Most of us have made our product choices over the years with a firm eye cast on who held — and was likely to hold — leadership in the market.
It’s certainly smart thinking to keep a weather eye out on your local labour market in this way: your warning signs that technologies you use are falling out of favour and external resources will get more expensive comes from there.
Let’s be frank: times are going to get tougher, economically. IT leaders know that gets translated into “find savings, fast”.
So, if you’re making product decisions for the future, it should be with an eye on how to make your cost to own and operate into the future as low as possible. This is the concept of “total cost to own and operate”, or TCOO.
Sometimes this will lead you to the services market, whether that be in the cloud or with a traditional outsourcing partner of some kind. Other times it will mean bringing work back in house, or revamping portions of your infrastructure.

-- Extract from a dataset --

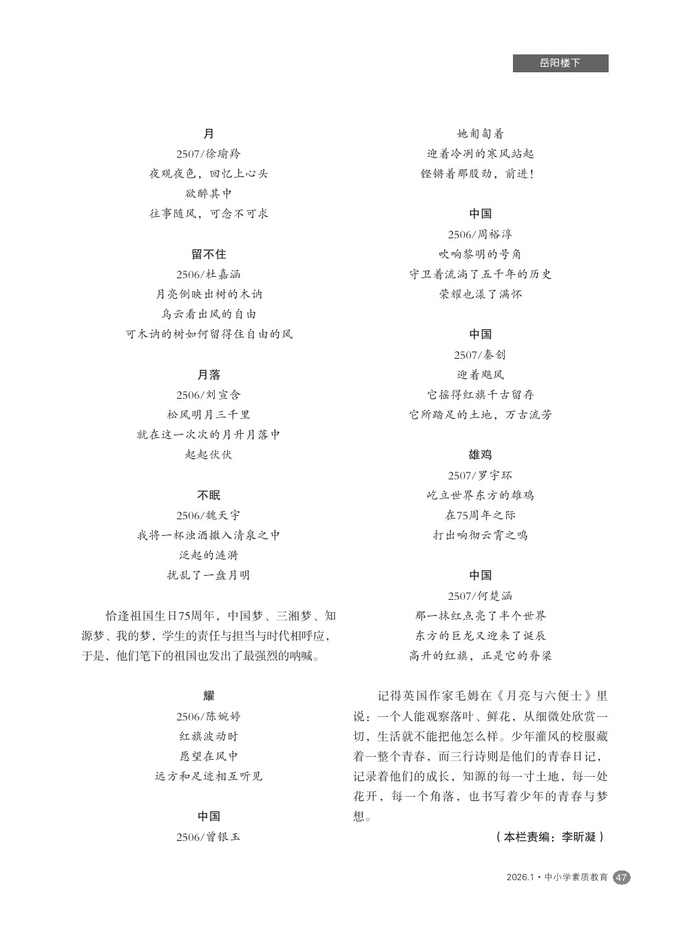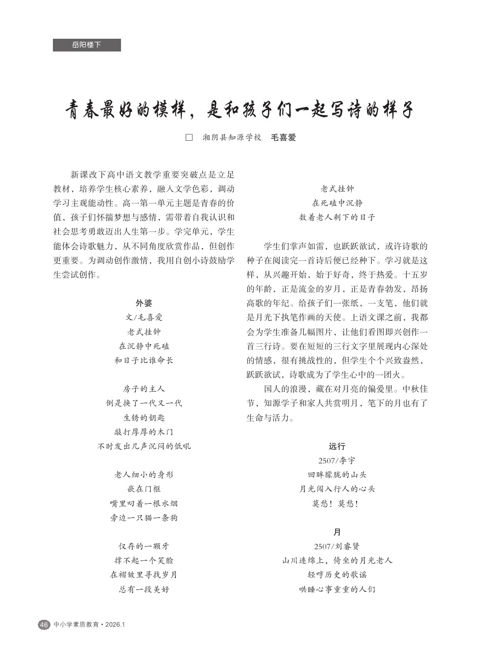 【2026年第1期】青春最好的模样,是和孩子们一起写诗的样子

Here it’s important to judge what’s good enough for your enterprise’s needs, not what’s top drawer in the vendor marketplace.
Could you, for instance, use different routers? The Department of Computer Science at the University of Toronto shifted from Cisco to NetGear, saving money and not materially affecting service. On a campus that had WiFi running everywhere in parallel with cabled connections to desks, the slight difference in availability was transparent to operations: redundancy was provided by having a parallel network instead.
In this era of smartphones, tablets, pads and ultra light laptops, more and more of us have WiFi in parallel for business reasons.
Slightly less quality disks in RAID implementations allow for cost savings and uptime simultaneously. So does work spread over multiple servers, each of which needs to be less robust to maintain service.
It is, after all, the same thinking the cloud providers are using. Shouldn’t you?